Role of Conversion Factors

Conversion factors are essential for transforming quantities from one unit to another in scientific calculations. They make it easier to work with various units comfortably.
When dealing with electric charge and capacity in batteries, using the right conversion factors allows for a seamless transition between different measurements, such as from Coulombs to milliampere-hours.
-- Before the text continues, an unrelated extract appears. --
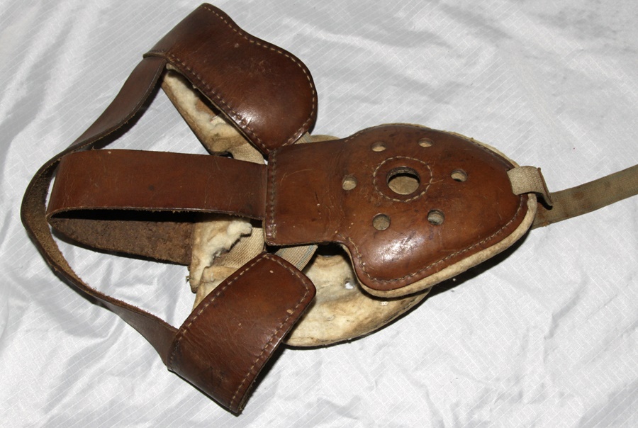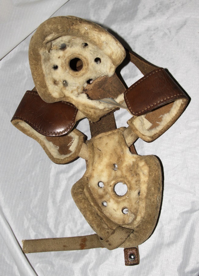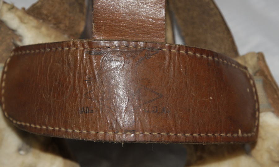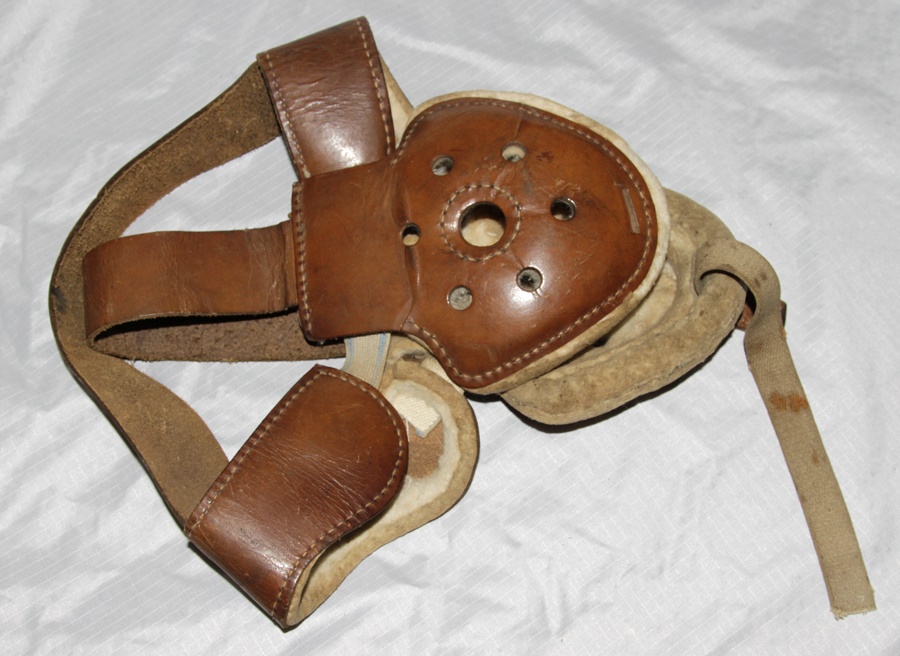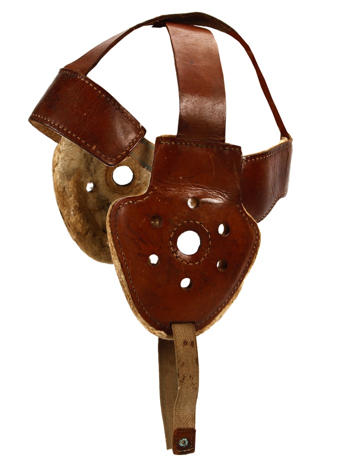 The evolution of the football helmet over the last century has been swift and drastic. This early football relic is in EX condition with most of the padding and the chin strap still intact. The maker, Draper and Maynard, has its logo engrained on the front strap. It's rare to see these helmets in such good shape.

In our example, we used the following key conversion factors:

• 1 Coulomb \(= 1 \text{ A ⋅ s}\)
• 1 milliampere-hour \(= 3.6 \text{ C}\)

Using these, we converted specific capacity from \(\frac{\mathrm{C}}{\mathrm{g}}\) to \(\frac{\mathrm{mA} \cdot \mathrm{h}}{\mathrm{g}}\), enabling further calculations for charge density.
Without these factors, accurately comparing and calculating dimensions would be challenging.
Understanding and applying conversion factors are vital skills in the study of batteries and electrical engineering.